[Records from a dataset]
►

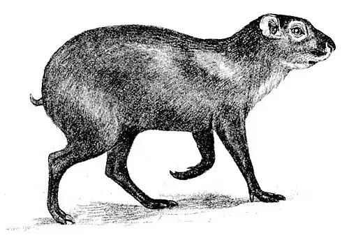 The genus Dasyprocta, containing those Rodents known as Agoutis, is divisible into several species, apparently about twelve, all of which are, like the Pacas, confined to the Neotropical region. They have, however, a much wider range within that region, and occur as far north as in Central America and in some of the West Indian Islands. They are of rather smaller size than the Paca, and are without spots. The colour is of a golden brown in some forms, but usually has a freckled, grizzled, greenish kind of appearance. The tail is stumpy, the hind-limbs are distinctly longer than those of the Paca, and the two lateral toes have disappeared from the feet—a concomitant as it seems of the Agouti's greater powers of running. The three metatarsals are closely pressed together, and the foot is as it were on the way towards the highly-modified foot of the Jerboa. The fore-feet are, however, five-toed. The clavicle is rudimentary,[40] whereas it is well developed in the Paca. The skull has not the peculiar modifications of that of the last-mentioned type. The sternum has seven pieces, and eight ribs reach it. A curious difference between this genus and the last is in the relative proportions of the regions of the intestine. The figures given by Tullberg for the two animals are—for Coelogenys, small intestine, 4800 mm.; caecum, 230 mm.; large intestine, 21,000 mm.;—for Dasyprocta aguti the same author gives: small intestine, 4200 mm.; caecum, 200 mm.; large intestine, 1000 mm. The Agouti, says Mr. Rodway,[41] is as wily as the Fox. "If chased he will run along the shallows of a creek to hide his scent from the dogs, or swim over and back again several times for the same purpose. He never runs straight when pursued, but doubles, often hiding until a dog has passed, and then making off in a different direction. Like the fox he has been hunted for a very long period, and, like Reynard, has grown wiser with every generation."
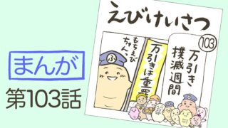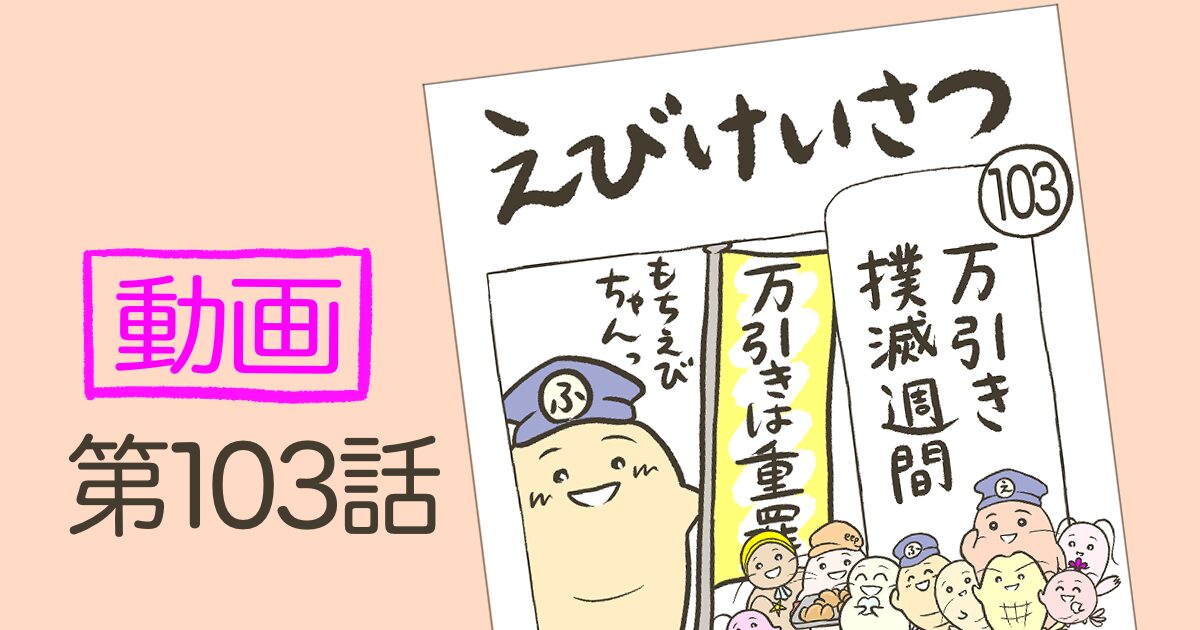 【まんが】第104話 おおみそか上機嫌 まんが 2025.12.312026.01.02 今年も一年ありがとう!いよいよ大晦日、みんなはどんなふうに過ごすのかな? 同じストーリーの動画もあるよ。オリジナルピアノ曲とイラストに動きをつけた約1分の動画だよ↓ 【動画】第104話 おおみそか上機嫌今年ももうすぐ終わるね。大晦日、みんなどんなふうに過ごすのかな?※ 画面を大きくする時は、再生ボタンを押した後、右下の白い四角枠 か2つの斜め矢印 を押してね。同じストーリーのまんが(静止画)もあるよ。ゆっくり見たいときは、こちらを見てね↓... 次の話はこちら↓ 【まんが】第105話 新年のごあいさつ新年あけましておめでとうございます!今年もえびけいさつをどうぞよろしくお願いします!同じストーリーの動画もあるよ。イラスト+オリジナルピアノ曲の紙芝居動画(再生時間:約1分)↓次の話はこちら↓前回の話はこちら↓ 前回の話はこちら↓ 【まんが】第103話 万引き撲滅週間スーパーマーケット店内のパトロール中に遭遇したのは?同じストーリーの動画もあるよ。オリジナルピアノ曲とイラストに動きをつけた約1分の動画だよ↓次の話はこちら↓前回の話はこちら↓
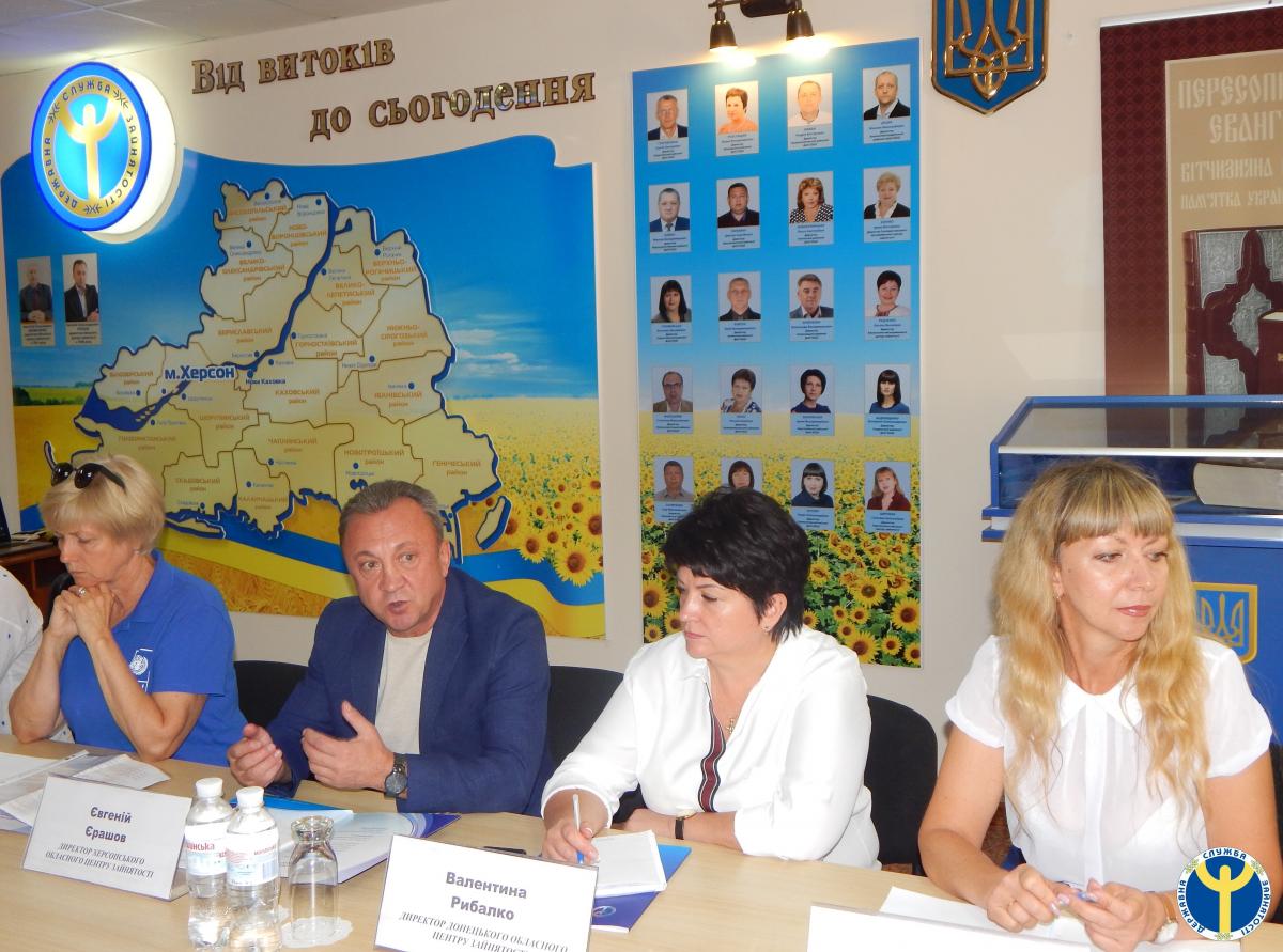 Розпочав захід директор Херсонського обласного центру зайнятості Євгеній Єрашов, зазначивши: «Сьогодні ринок праці Херсонщини, в тому числі й міста Херсона, стрімкий та динамічний, його, в більшості, формують підприємці, які належать до малого та середнього бізнесу. Отже, сьогодні, ми ділимося нашим досвідом роботи у співпраці обласної служби зайнятості з соціальними партнерами, що направлений на підтримку, становлення та розвиток малого та середнього підприємництва».
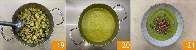 Mixen Sie alles mit einem Stabmixer 19, um eine cremige Konsistenz zu erhalten 20. Servieren Sie und garnieren Sie mit den Semmelbröseln und Mandeln. Die Zucchini-Kartoffel-Cremesuppe ist bereit, genossen zu werden 21!
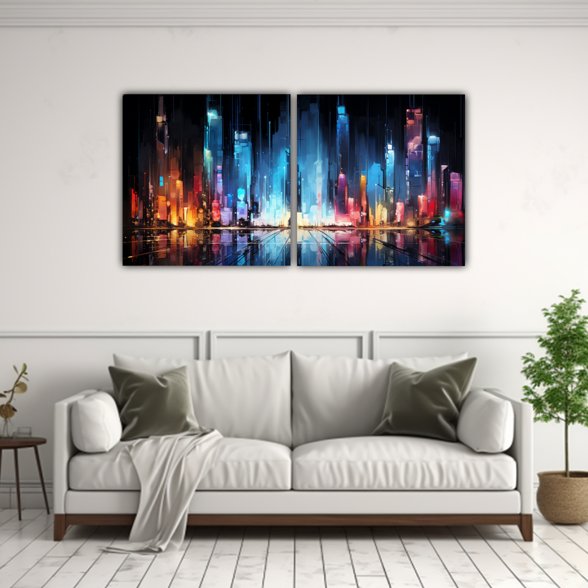 Set 2 Lienzos Escena Abstracta Ciudad En Luces Neón
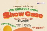 뉴스펀치 김보성 기자 | 강원음악창작소가 오는 9월 13일 춘천시청 광장에서 ‘2025 강원음악창작소 쇼케이스’를 개최한다. 이번 행사는 강원음악창작소 ‘음원 제작 지원사업’에 선정된 강원 뮤지션들의 신곡을 공개하는 무대로, 뮤지션들의 역량을 널리 알리기 위해 마련됐다. 공연에는 도내 실력파 뮤지션 5팀(△샹송제이 △강휘 △정의만 △해비치밴드 △곽다한밴드)이 참여한다. 이들은 직접 작사·작곡한 신곡을 현장에서 라이브로 선보이며, 개성 있는 음악 세계를 펼쳐 보일 예정이다. 이번 행사는 ‘2025 ONE도심 페스타’와 연계하여 지역 주민과 관광객 모두 자유롭게 즐길 수 있는 개방형 야외 공연으로 진행되며, 뮤직비디오 상영 및 뮤지션들의 굿즈 등 다양한 홍보물도 전시된다. 강원음악창작소 관계자는 ‘이번 쇼케이스를 통해 도내 유망 뮤지션들이 널리 알려지고, 지역 음악의 창작 생태계가 활기를 찾는 계기가 되길 바란다’고 밝혔다. 한편, 문화체육관광부와 한국콘텐츠진흥원이 지원하고 강원정보문화산업진흥원이 운영하는 강원음악창작소는 강원지역 뮤지션의 창작 활동, 음반 제작, 공연 지원을 통해 지역
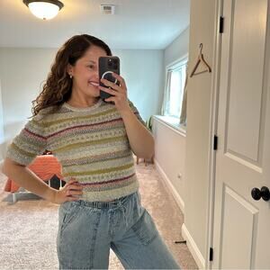 NWT Molly Goddard Silver Gold Metallic Knit Short Sleeve Sweater Top Medium
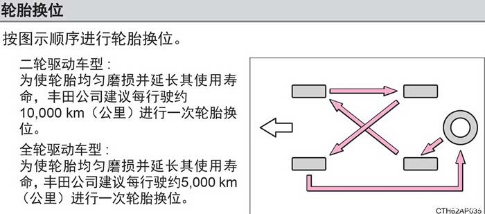 保养手册说两驱1万公里轮胎换位,四驱5000公里轮胎换位,但是我个人感觉城市路况好,轮胎磨损慢,2万公里换就行。5轮换位,4s店才收40元,价位合理。
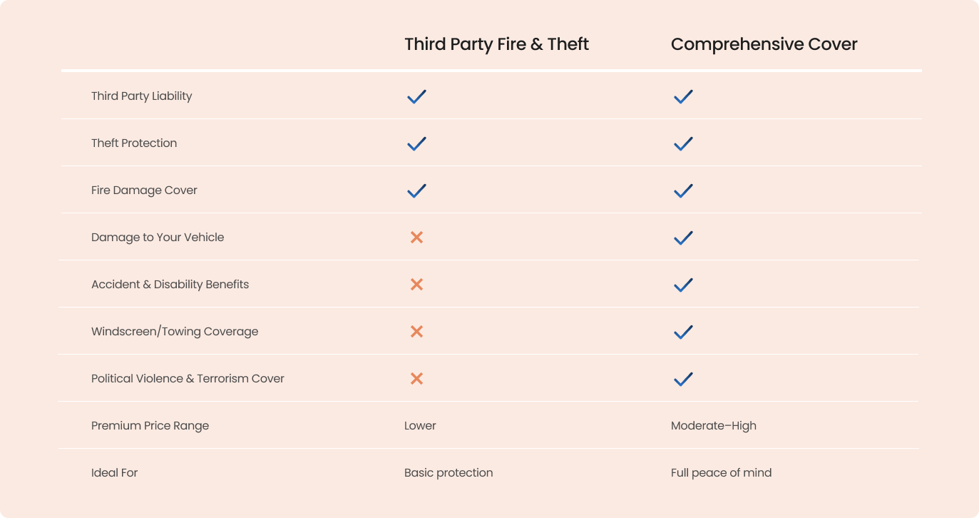 We offer two key motor insurance options—each designed to match different needs and budgets. Whether you’re looking for basic protection or complete peace of mind, we’ve got you covered.
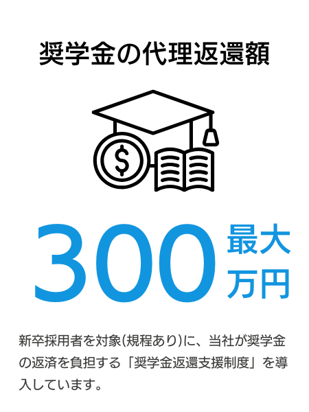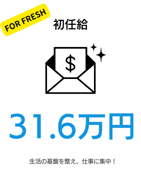 初任給31.6万円、住居負担1.5万円、さらに奨学金返還支援。挑戦を支える、圧倒的な土台を用意。お金の不安をゼロにし、世界を切り拓くことだけに没頭できる。
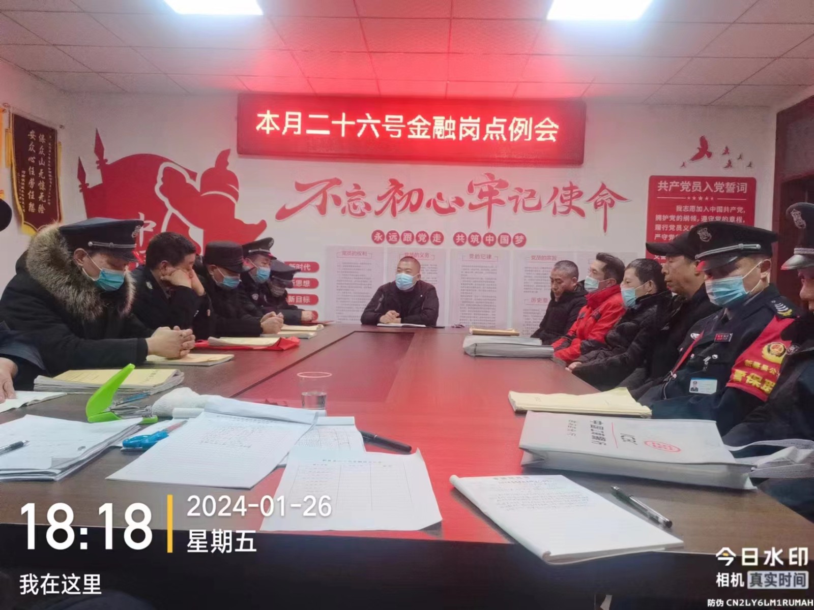 2024年元月26日晚上,县分公司在三楼会议室召开了金融岗点例会,会上车经理认真听取了各位队员工作情况的汇报,逐个检查各岗点工作日志的规范填写。最后在会上车经理再次强调,春节将至,天气寒冷,各位队员一定要落实好安全工作,把安全放在第一位,对存在有安全隐患的及时排查清楚,确保自己及用人单位的安全。

◄

### PROBLEM REQUIREMENTS:
Nothing but the lines from the one that contains "初任給31.6万円、住居負担" through the last line of the records belongs in the answer, reproduced exactly, with no pictures.

### RESPONSE TO THIS TASK:
 初任給31.6万円、住居負担1.5万円、さらに奨学金返還支援。挑戦を支える、圧倒的な土台を用意。お金の不安をゼロにし、世界を切り拓くことだけに没頭できる。
 2024年元月26日晚上,县分公司在三楼会议室召开了金融岗点例会,会上车经理认真听取了各位队员工作情况的汇报,逐个检查各岗点工作日志的规范填写。最后在会上车经理再次强调,春节将至,天气寒冷,各位队员一定要落实好安全工作,把安全放在第一位,对存在有安全隐患的及时排查清楚,确保自己及用人单位的安全。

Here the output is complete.